The magnetic driving member 30 of the present invention can have different embodiments. Fig. 16 shows a perspective view of the energy saving member of embodiment 8 of the present creation. Fig. 17 shows a perspective view of the energy saving member of embodiment 9 of the present invention.

Most of the elements of embodiments 8 and 9 can be adapted to the aspects of embodiments 1 to 7, with the only difference being the change of the magnetic driving member 30. The magnetic driving member 30 of embodiments 8 and 9 is an annular electromagnet and is fixedly disposed on the first side plate 2 and the second side plate 3. In addition, the magnetic driving member 30 of embodiments 8 and 9 is larger than the economizer wheel 10, so the magnetic driving member 30 can surround the entire economizer wheel 10, and therefore the first permanent magnet pieces 21 and the second permanent magnet pieces 23 are also surrounded by the magnetic driving member 30.

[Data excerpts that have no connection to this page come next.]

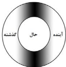
شکل ۲. تاریخ در نگاه سنتی

زمان تاریخی عرصه‌ای است که در آن همه فعالیت‌ها و تجارب بشری ساماندهی می‌شود. در جوامع غربی، زمان به‌عنوان ساختاری خطی که در آن زنجیره‌ای از رخدادها که از نقطه ثابتی در گذشته شروع می‌شوند و به جلو پیش می‌روند درک می‌شود (عظیمی نصرآباد، ۱۳۸۳: ۲۵ و ۲۶)؛ رویدادها از رهگذر لحظه حال به سوی هدفی در آینده پیش می‌رود (شکل ۱). در مقابل، جوامع سنتی درکی دوری (چرخشی) از زمان دارند؛ چرخه‌ای پیوسته و لایتناهی از تکرار طبیعت (رضوی، ۱۳۸۵: ۸۶) و رفتارهای بشر (رضوی، ۱۳۹۱: ۴۰-۴۷) (شکل ۲).
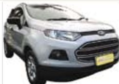
Ecosport SE Auto Power Shift 2.0 Completo - prata - 13/14 R$ 59.990
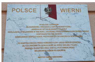
Tablica poświęcona młodzieżowej organizacji antykomunistycznej Generalny Sztab Młodzieży Polskiej w Bojanowie

Członkom organizacji Generalny Sztab Młodzieży Polskiej jesteśmy natomiast winni wdzięczną pamięć za ich szlachetne intencje i próbę podjęcia działań na rzecz wolnej Polski. W uznaniu ich zasług Instytut Pamięci Narodowej przygotował tablicę pamiątkową, która w 2020 r. została uroczyście odsłonięta na budynku Zespołu Szkół Przyrodniczo-Technicznych w Bojanowie – tego samego, do którego uczęszczali przed laty młodzi konspiratorzy.
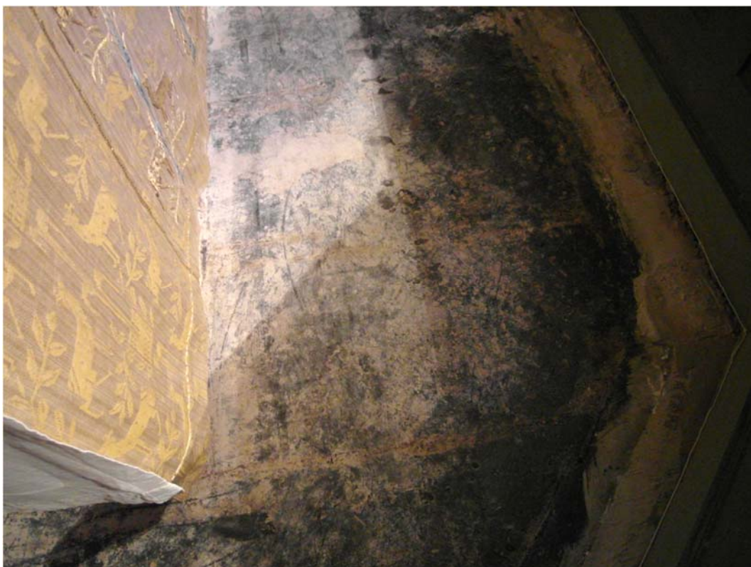
Textilmattan, som var limmad på en skiva, har tagits bort.

Since the magnetic driving member 30 of embodiments 8 and 9 can completely surround the entire energy-saving runner 10, the magnetic force acting between the upper portions of the first permanent magnet piece 21 and the second permanent magnet piece 23 (i.e. the direction toward the magnetic driving member 30) and the magnetic driving member 30 is also generated, and therefore, any position on the first permanent magnet piece 21 and the second permanent magnet piece 23 can generate enough magnetic force acting with the magnetic driving member 30, so that the energy-saving effect of the energy-saving member 1 can be further improved.

In the embodiment 8, the annular magnetic driver 30 is configured as a polygonal ring structure, while in the embodiment 9, the annular magnetic driver 30 is configured as a circular ring structure. The magnetic drive 30 of the present invention is not limited thereto.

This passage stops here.